Do ponto de vista visual e da transformação da cidade e devolução de espaços aos leirienses, o Polis é incontornável. Mas há um trabalho que tem sido feito lentamente e que começou por volta dos anos 80 do século XX, com a constituição do primeiro Gabinete Técnico Local no município, coordenado pelo arquitecto José Charters Monteiro, que foi evoluindo e, com maior ou menor intensidades, foi produzindo efeitos sistemáticos. Hoje, o centro histórico de Leiria não é o mesmo de há 40 anos. É evidente que este trabalho de recuperação de edifícios, depois apoiado pela constituição do Gabinete de Reabilitação Urbana e pelo trabalho que a minha colega Vitória Mendes desenvolveu, acompanhando a transformação do centro histórico, é muito importante. E, claro, há obras de regime. Algumas nascem num regime e acabam noutro, como o estádio. O estádio de Leiria seria escusado, se não houvesse a doença do futebol. Na época, penso que, dos políticos no activo, apenas Tomás Oliveira Dias se manifestou publicamente contra nos jornais. E é um homem do PSD. A candidatura ao Euro começou no tempo do engenheiro Lemos Proença e todos os partidos, concordaram que se fizesse na fase de candidatura, muito antes de 2004, mas quando foi preciso criar um modelo económico para a execução daquilo, não chegaram a acordo. A ideia de, mais tarde, criticar a presidente em exercício, Isabel Damasceno, por ter avançado com o projecto…. Se ela não o tivesse feito, é que a teriam crucificado! O estádio é uma obra com demasiada dimensão para aquele local. O anterior, projectado por Roberto Charters, nos anos 50, com as bancadas “agarradas ao terreno”, tinha a dimensão adequada, porém, era necessário acolher 30 mil espectadores, devido às exigências da indústria do espectáculo – aquilo é indústria, não é desporto!…. Até percebo que tenham escolhido aquele local, atendendo ao que se passa em Aveiro, que escolheu criar um estádio fora da cidade. Foi exigência de Isabel Damasceno manter a pista de atletismo, quando a quiseram tirar, para estarem com os olhos em cima da bola. Isso permitiu fazer campeonatos de atletismo, que são uma mais-valia. Não conheço o processo em detalhe, mas, em traços largos, a ideia que tenho foi que toda a gente queria o estádio, mas quando foi preciso pagá-lo, já não o queriam. Agora há que rentabilizá-lo e resolver o problema do topo norte,
O que gostaria de lá ver feito?
Acompanhei o projecto que estava a ser desenvolvido por Pedro Cordeiro, para acolher um “ninho” de alta tecnologia e sinto que, de facto, o que é preciso é dar vida e função aquilo.

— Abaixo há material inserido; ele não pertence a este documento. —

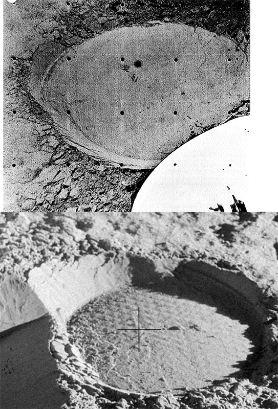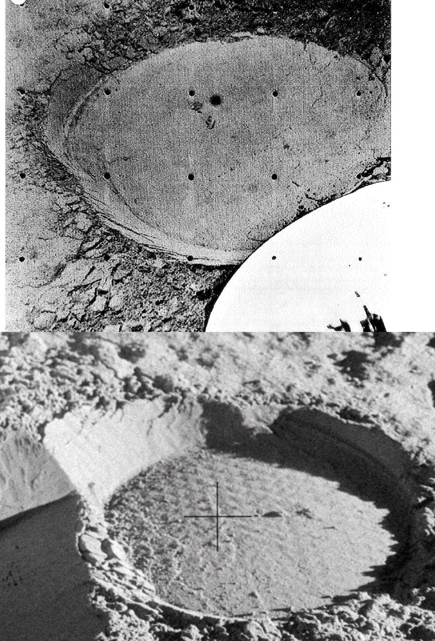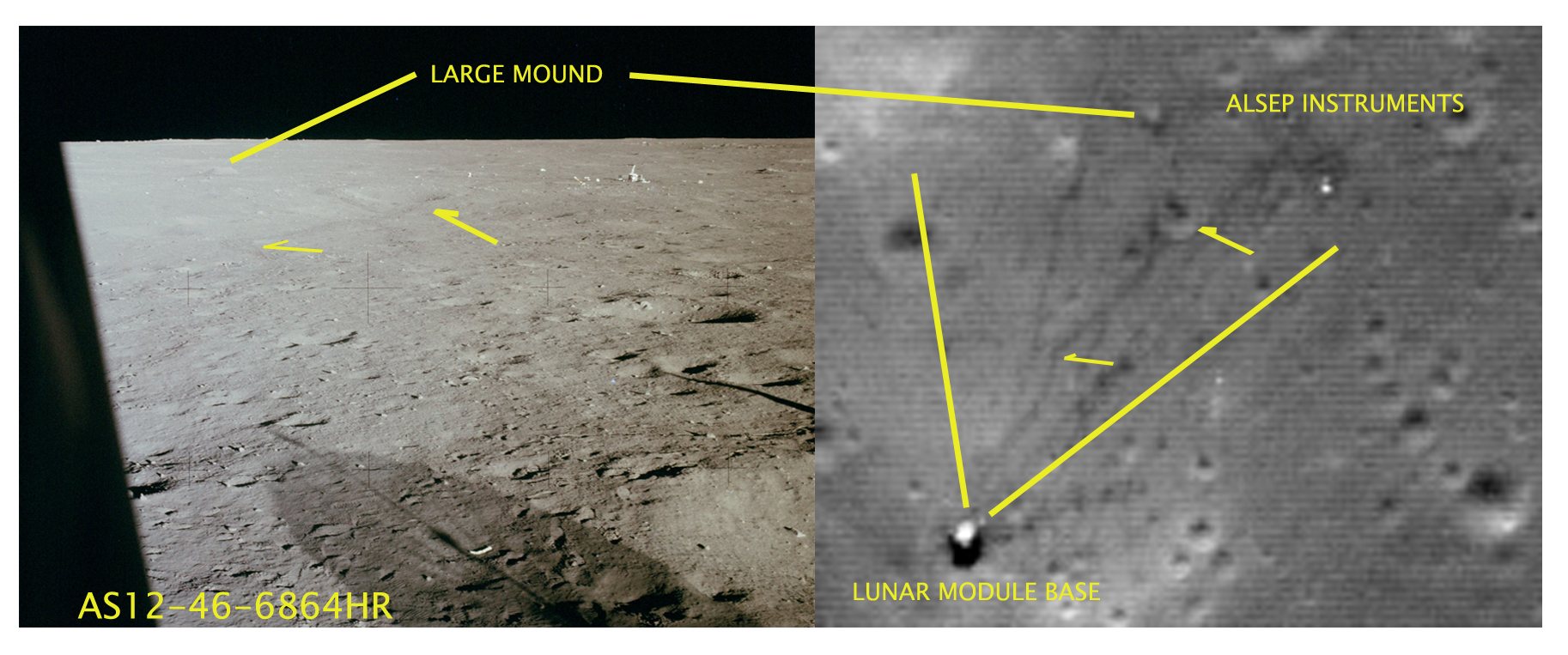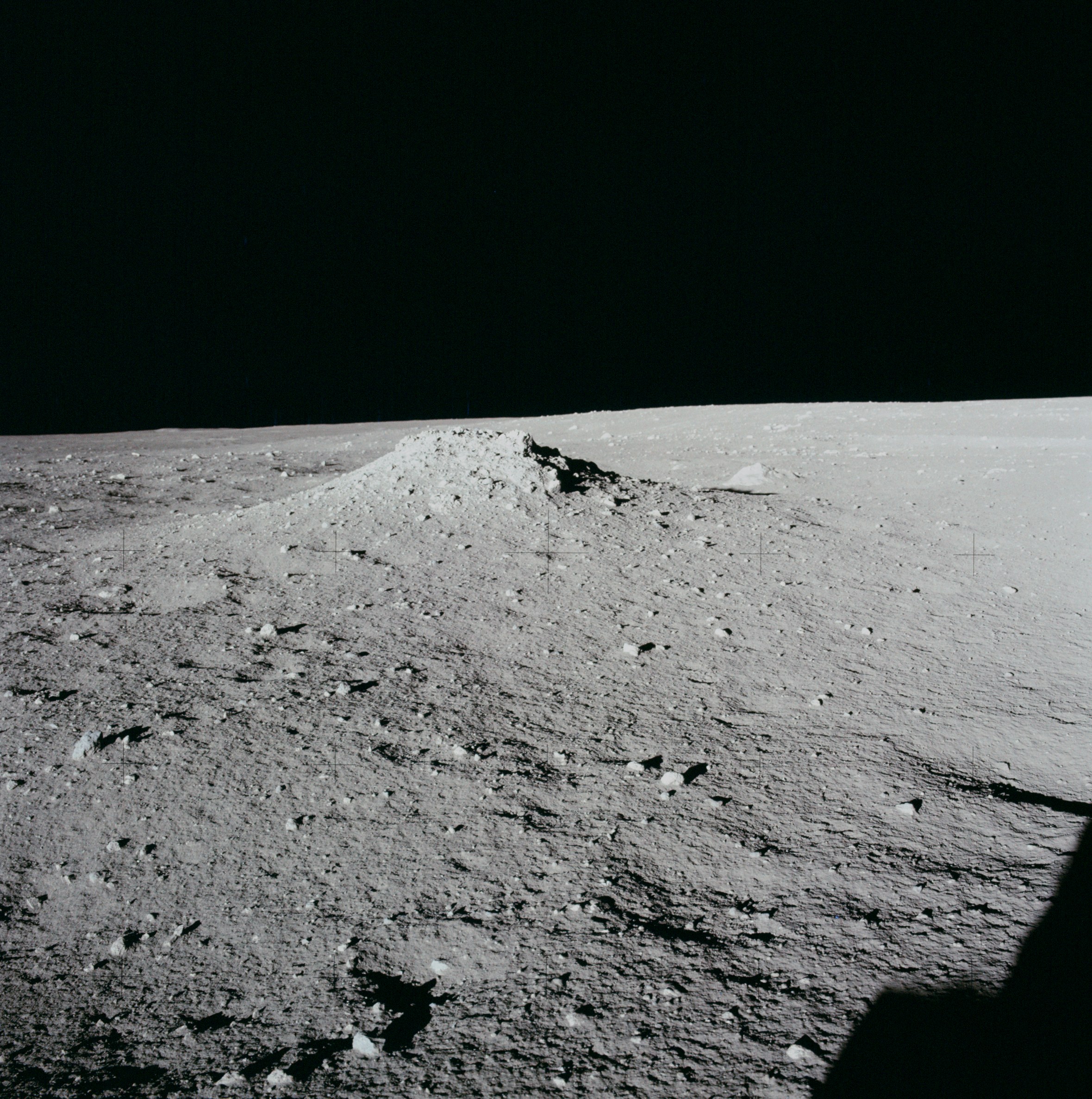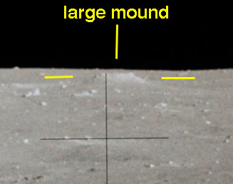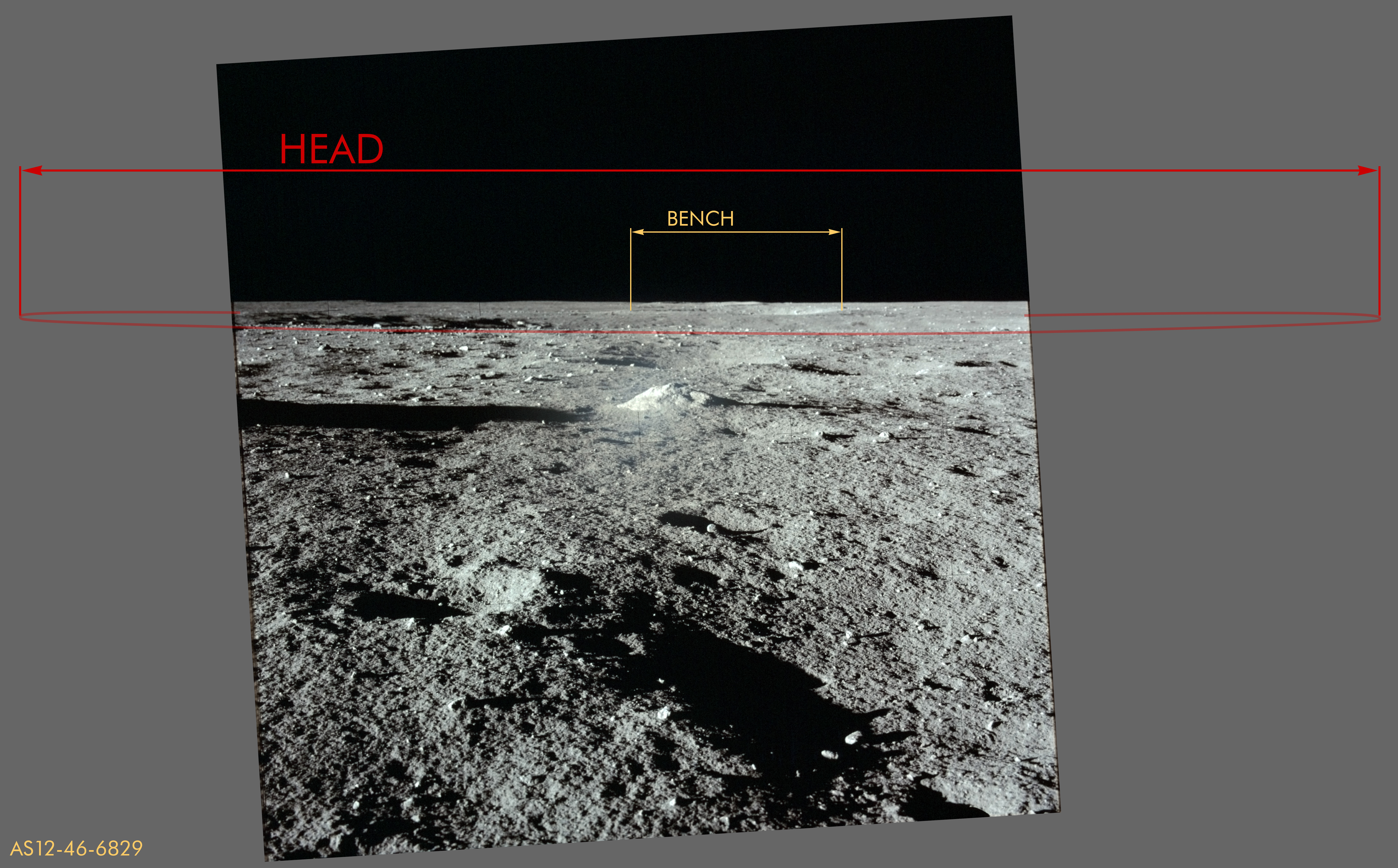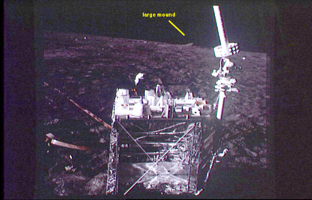 This detail shows head Crater and the larger of the two soil mounds found by the crew on the north rim. Scan by John Pfannerstill. AS12-46- 6793 is a surface-level photo of the mound.Approach View
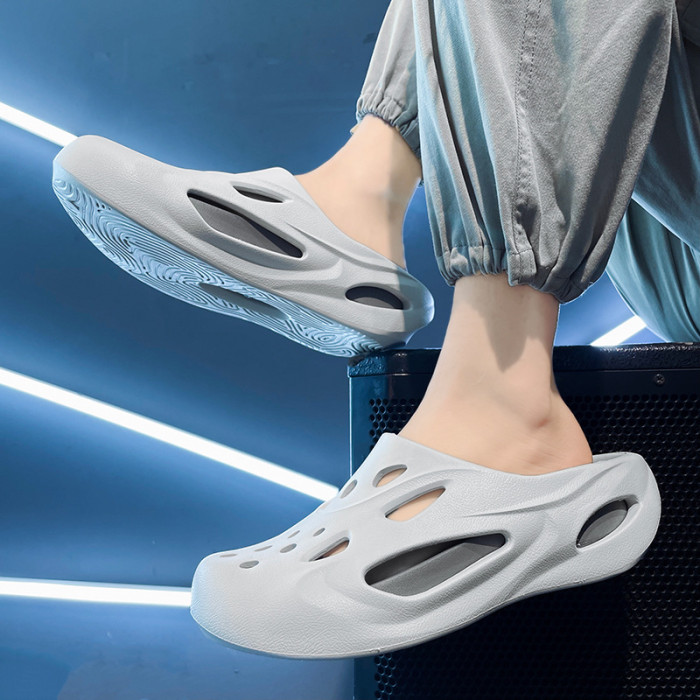 嚴選男涼拖EVA踩屎感洞洞鞋厚底增高沙灘鞋戶外防滑透氣套腳涼鞋

Que avaliação faz do urbanismo de Leiria?
O urbanismo de Leiria é o possível. Desde 1965, quando saiu a Lei dos Loteamentos, que o Estado entregou a construção das cidades aos privados e demitiu-se da função. Nos anos 60, 70, 80, o loteamento tornou-se a base da construção da cidade. Cada proprietário faz no seu terreno aquilo que lhe interessa, de acordo com a majoração possível para as mais-valias que obterá. Isto é completamente diferente do que acontece na Alemanha. Ali, a mais-valia resultante da transformação do solo rústico em urbano, não é para os bolsos dos privados, é para o Estado, ou seja, para todos nós! Aos proprietários, é pago o valor do terreno. Apenas em Évora acontecia o mesmo. Era o município que promovia, adquiria os terrenos, fazia as urbanizações e vendia os lotes. O desenho da cidade, a planificação das ruas, a ligação entre elas, a localização dos equipamentos e toda a concepção urbanística eram do município. Deixaram de o fazer porque os proprietários e os empresários da construção eram contra. Cheguei a dizer ao vereador do Urbanismo de Évora, que deveria fazer uma parceria com Leiria. Aqui a construção da cidade é 100% privada e lá era 100% municipal. Não tem de ser exclusivamente uma coisa ou outra, mas o Estado não pode fazer o que fez no resto do País. Apesar de ir criando instrumentos de ordenamento do território, como planos de urbanização ou de pormenor, torna-se difícil controlar e ter eficácia no desenvolvimento da cidade. Na exposição “Leiria Tamanho e Desenho”, que está em exposição no Museu de Leiria, de que sou seu comissário, faço um apanhado do conhecimento que fui reunindo acerca da história urbana de Leiria e, através de mapas, explico o que aconteceu desde a sua fundação. Há lá um painel, com quase todos os nomes das urbanizações. São todos de quintas. Quinta do Alçada, Quinta do Bispo, Quinta de Santo António, Quinta do Seixal, Quinta de São Venâncio, Quinta de Vale de Lobos, Quinta dos Maristas, Quinta de Santa Clara… o que aconteceu? À volta de Leiria, até aos anos 60, havia quintas e casais, que se foram transformando em urbanizações! Toda a toponímia da cidade resulta da transformação de terreno que o proprietário urbanizou ou que vendeu a alguém que ali investiu, grande parte das vezes, com capital vindo da emigração. Gente que foi trabalhar para a França e Alemanha e que regressou com pecúlio razoável para fazer investimentos.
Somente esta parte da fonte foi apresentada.